START Data for processing

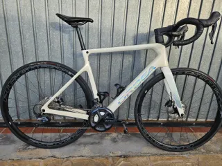 Bicicleta de carretera Orbea Avant en talla 53 de fibra carbono (8kg). Modificada con: - Cambio trasero Shimano Ultegra - Cambio delantero Shimano 105 - Frenos de disco mecánico - Ruedas Vittoria Zaffiro Pro (700x25c) - Sillín Specialized Power - 2 porta bidones - Cuenta kilómetros - Pedales (Look) Tiene una pequeña rallada en un lateral.
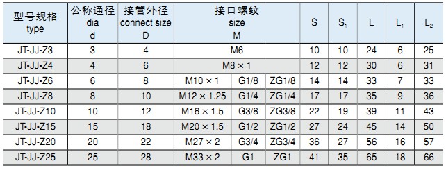 *標記示例:①:卡套式三通終端管接頭 公稱通徑 Ø6MM JT-3T-Z6 M10×1
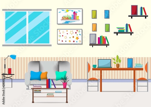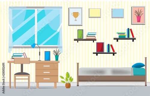 Vektorové ilustrace hotelového apartmá. Luxusní ložnice, luxusní interiér hotelového pokoje. Hotelový číšník, manažer a hosté Mladý pár. Plochý design.
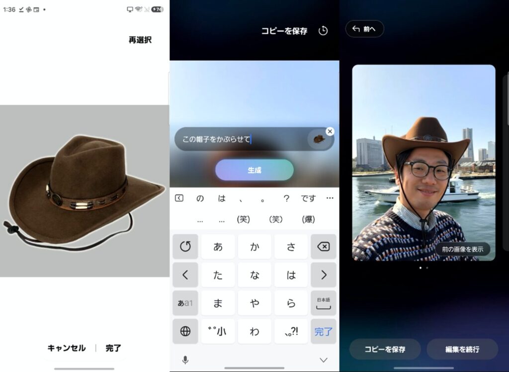 また、「海に船を走らせる」、帽子の画像を添付して「この帽子をかぶせて」、「昼から夜にして」といっても、自然な仕上がりになることが多いです。
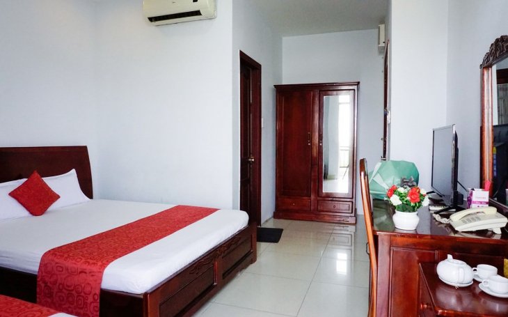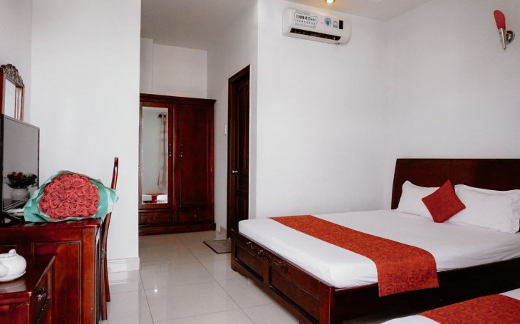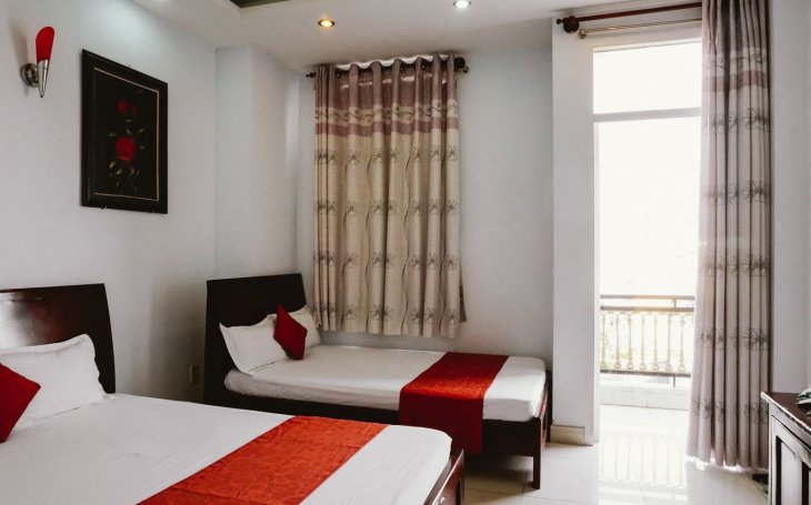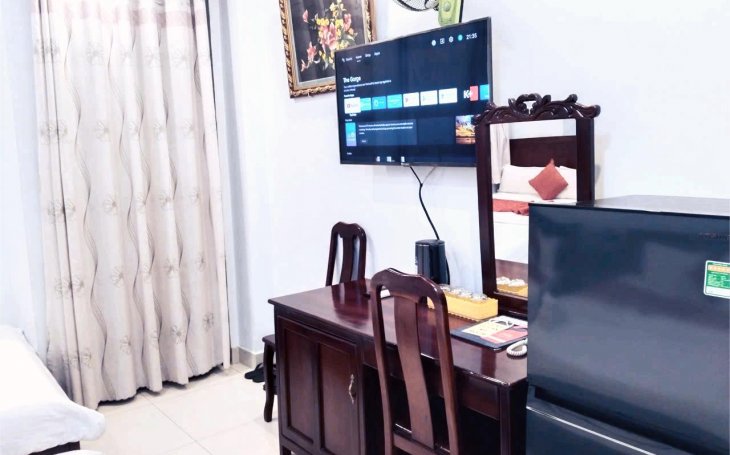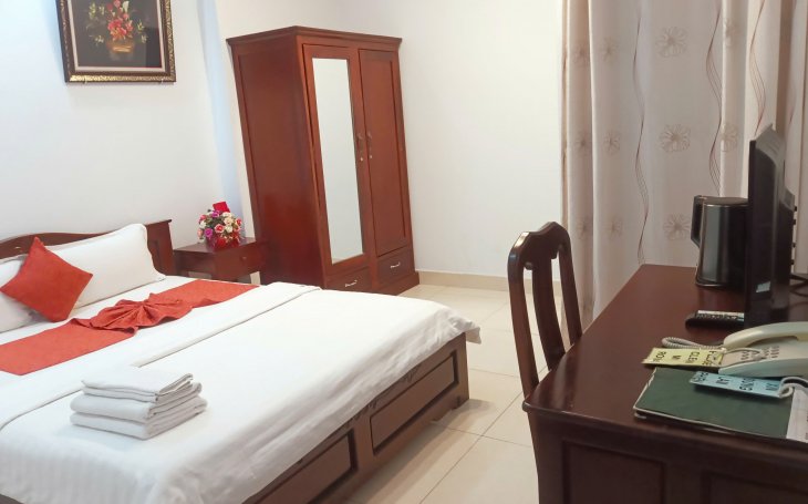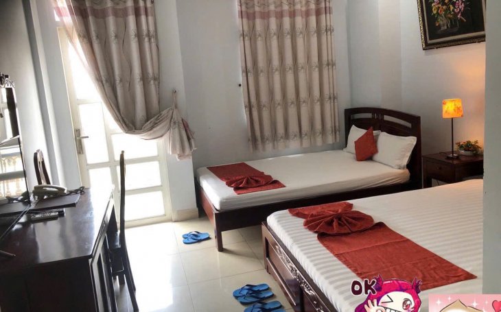 Khách Sạn Quận 7 giá rẻ 350.000 một phòng gồm 2 người ở, loại phòng không có ban công, view hướng hành lang, có 1 cửa sổ nhỏ, phòng ấm cũng...
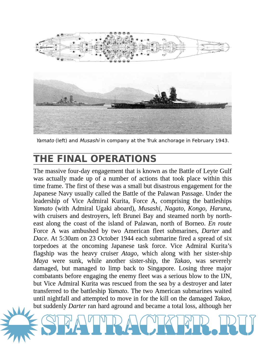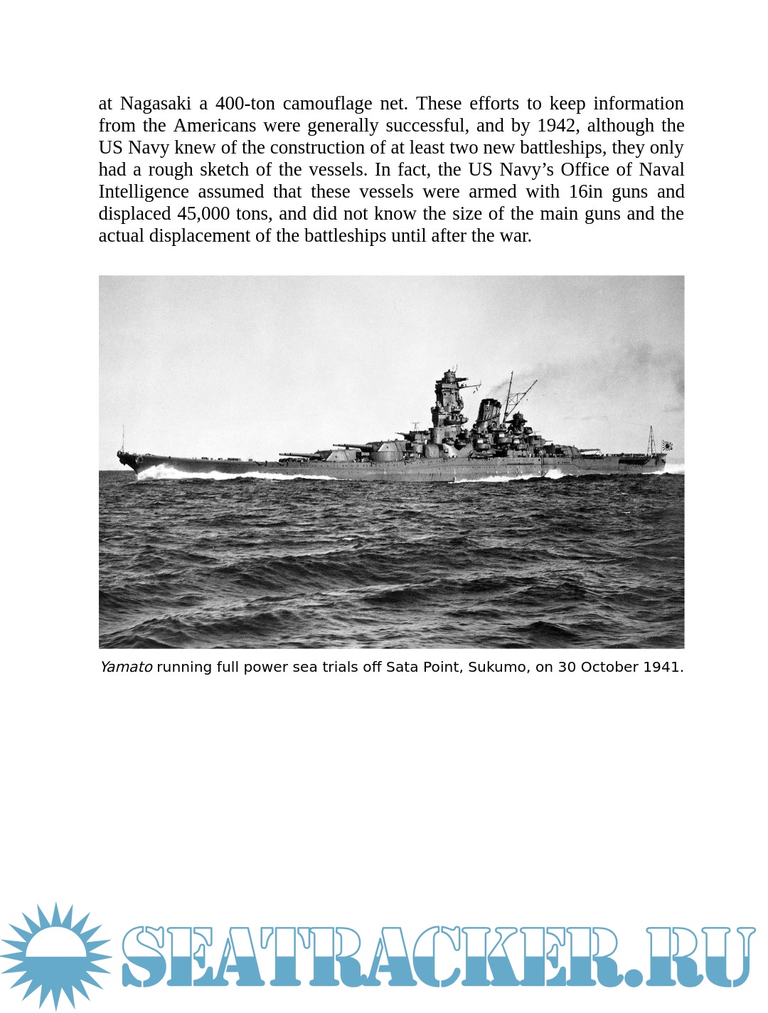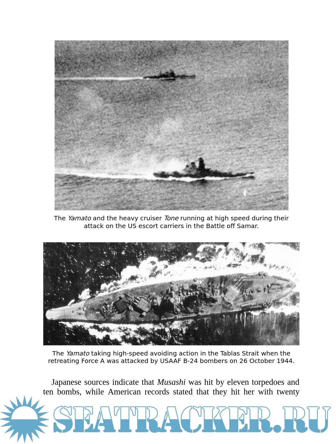 The Yamato class battleships of the Imperial Japanese Navy were the largest warships of the Second World War and the largest battleships ever constructed, displacing 78,800 tons. They also carried the largest naval artillery ever fitted to a warship - 18in guns. Neither Yamato nor her sistership Musashi made much impact on the War. Musashi was sunk during the battle of Leyte Gulf while Yamato, deployed in a deliberate suicide attack on Allied forces at the battle of Okinawa, was finally sunk by US carrier-based aircraft; Not 300 of her 3,330 crew survived.

END Data for processing

## [Task directions]
Since the listing holds pictures, return everything else in it exactly and omit those.

## [Answer area]
 Bicicleta de carretera Orbea Avant en talla 53 de fibra carbono (8kg). Modificada con: - Cambio trasero Shimano Ultegra - Cambio delantero Shimano 105 - Frenos de disco mecánico - Ruedas Vittoria Zaffiro Pro (700x25c) - Sillín Specialized Power - 2 porta bidones - Cuenta kilómetros - Pedales (Look) Tiene una pequeña rallada en un lateral.
 *標記示例:①:卡套式三通終端管接頭 公稱通徑 Ø6MM JT-3T-Z6 M10×1
 Vektorové ilustrace hotelového apartmá. Luxusní ložnice, luxusní interiér hotelového pokoje. Hotelový číšník, manažer a hosté Mladý pár. Plochý design.
 また、「海に船を走らせる」、帽子の画像を添付して「この帽子をかぶせて」、「昼から夜にして」といっても、自然な仕上がりになることが多いです。
 Khách Sạn Quận 7 giá rẻ 350.000 một phòng gồm 2 người ở, loại phòng không có ban công, view hướng hành lang, có 1 cửa sổ nhỏ, phòng ấm cũng...
 The Yamato class battleships of the Imperial Japanese Navy were the largest warships of the Second World War and the largest battleships ever constructed, displacing 78,800 tons. They also carried the largest naval artillery ever fitted to a warship - 18in guns. Neither Yamato nor her sistership Musashi made much impact on the War. Musashi was sunk during the battle of Leyte Gulf while Yamato, deployed in a deliberate suicide attack on Allied forces at the battle of Okinawa, was finally sunk by US carrier-based aircraft; Not 300 of her 3,330 crew survived.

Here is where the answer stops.